FinTech Futures: Top five stories of the week – 10 March 2023
Here’s our pick of five of the top news stories from the world of finance and tech this week.
UK fintech Railsr sold to consortium of VC firms
UK-based embedded finance platform Railsr has been bought by a consortium of venture capital firms led by D Squared Capital. Financial details of the sale remain undisclosed.
Railsr says that the consortium, consisting of global investors D Squared Capital, Moneta VC and Ventura Capital, has re-capitalised the firm and confirmed that a change of control has been agreed with the UK’s Financial Conduct Authority (FCA).
The company says this will ensure business continuity for its customers and its more than five million end-users. The firm will remain headquartered in London and plans to grow its customer base in the UK and Europe over the coming months.
Railsr board chair Rick Haythornthwaite, who joined the board in August and will remain as chair post-sale, says Railsr is now able to “rebuild momentum and return to growth”.
Silvergate Capital to wind down operations and liquidate bank
Beleaguered Silvergate Capital, a California, US-based provider of financial infrastructure solutions to the digital asset industry, has announced it intends to wind down its operations and liquidate Silvergate Bank.
The bank says it plans to fully repay all the deposits it holds and is also looking at how to preserve the residual value of its assets, including its proprietary technology and tax assets.

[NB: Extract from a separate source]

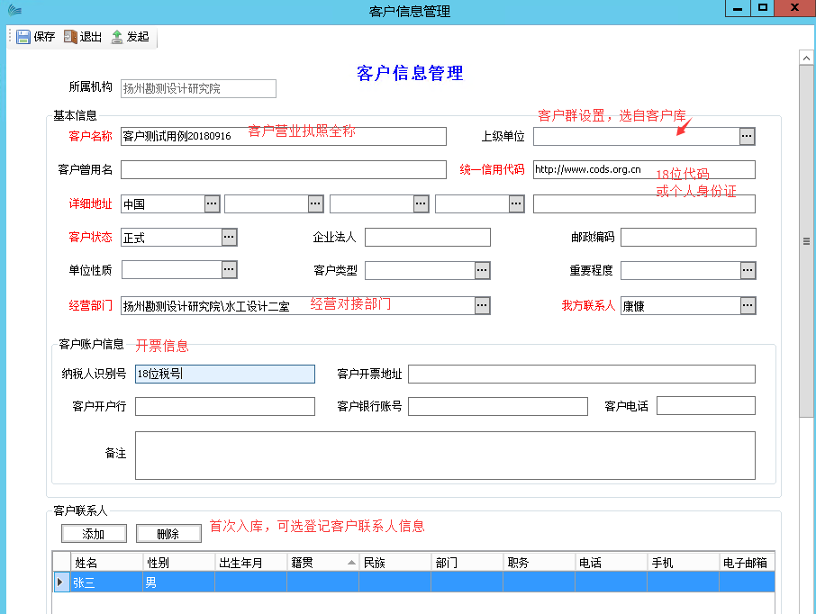 添加客户信息,建立客户数据库,不能重复添加相同的客户名称、社会信用代码。

The intellectual property of Meta’s failed crypto project Diem was sold to Silvergate in February last year in a $182 million deal.

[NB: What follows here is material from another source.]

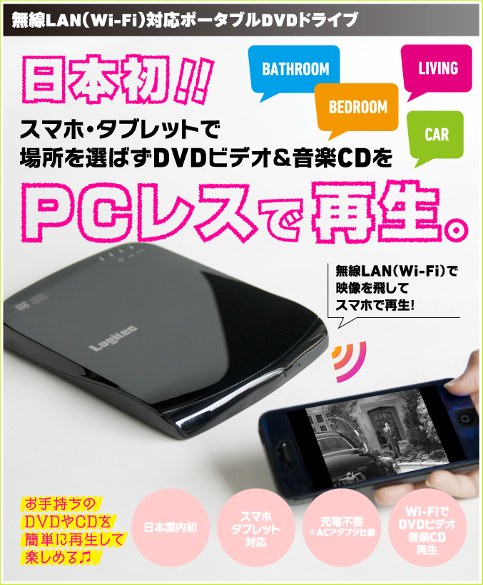 ※WiFi接続でDVDへの書き込み速度は等倍速となります ※WiFi接続と端末は1対1での接続となります |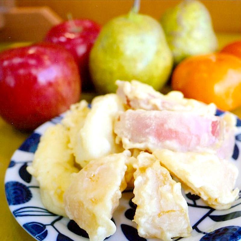 県産の果物と米粉を天ぷらにしました。

“In light of recent industry and regulatory developments, Silvergate believes that an orderly wind down of bank operations and a voluntary liquidation of the bank is the best path forward,” the company says.
Aussie paytech Till Payments lands $46m Series D funding
Aussie paytech Till Payments has successfully closed an AUD 70 million ($46 million) Series D funding round led by Silva Fortune.
The fresh capital raise follows its $80 million Series C in October, which valued the firm at AUD 500 million ($350 million).
The Series D also comes just weeks after the company’s decision in January to lay off 120 staff – around 40% of its workforce – as part of a wider reorganisation.
“Till’s existing investors have demonstrated their confidence in our plans for the company and our renewed and prudent approach to governance,” says non-executive director Matt Davey, who joined the company in January as part of its reorganisation.
Nubank appoints former Meta crypto head David Marcus to board
Brazilian challenger Nubank has appointed David Marcus to its board of directors.
Nubank says Marcus, who is currently the CEO of Lightspark, a Bitcoin utility network he co-founded, will play a “fundamental role” in its plans to expand into new territories and develop additional product offerings targeting new segments.
Marcus previously spent seven years at Meta, where he led its payments and crypto teams.
Prior to his departure in late 2021, he was head of Meta’s fintech unit Novi, a digital wallet designed for use with Meta’s own cryptocurrency Diem (formerly Libra) – which Marcus also helped to create.
The crypto project was eventually dropped by Meta due to regulatory roadblocks.
UK lender Abound secures £500m in equity and debt financing
UK-based lender Abound has landed £500 million in fresh equity and debt financing as it aims to improve access to “accurate and affordable” consumer loans.
The debt financing has been provided by Citi and clients of Waterfall Asset Management, while the equity investors include K3 Ventures, GSR Ventures and Hambro Perks.
Founded in 2020, Abound’s platform (previously known as Fintern) makes use of artificial intelligence (AI) and open banking to look at borrowers’ complete financial picture, allowing it to offer loans without needing to rely on just credit scores.
With the new funding, Abound plans to grow its loan book, boost its staff headcount and continue to develop its B2B offering to allow banks and other lenders to leverage its technology.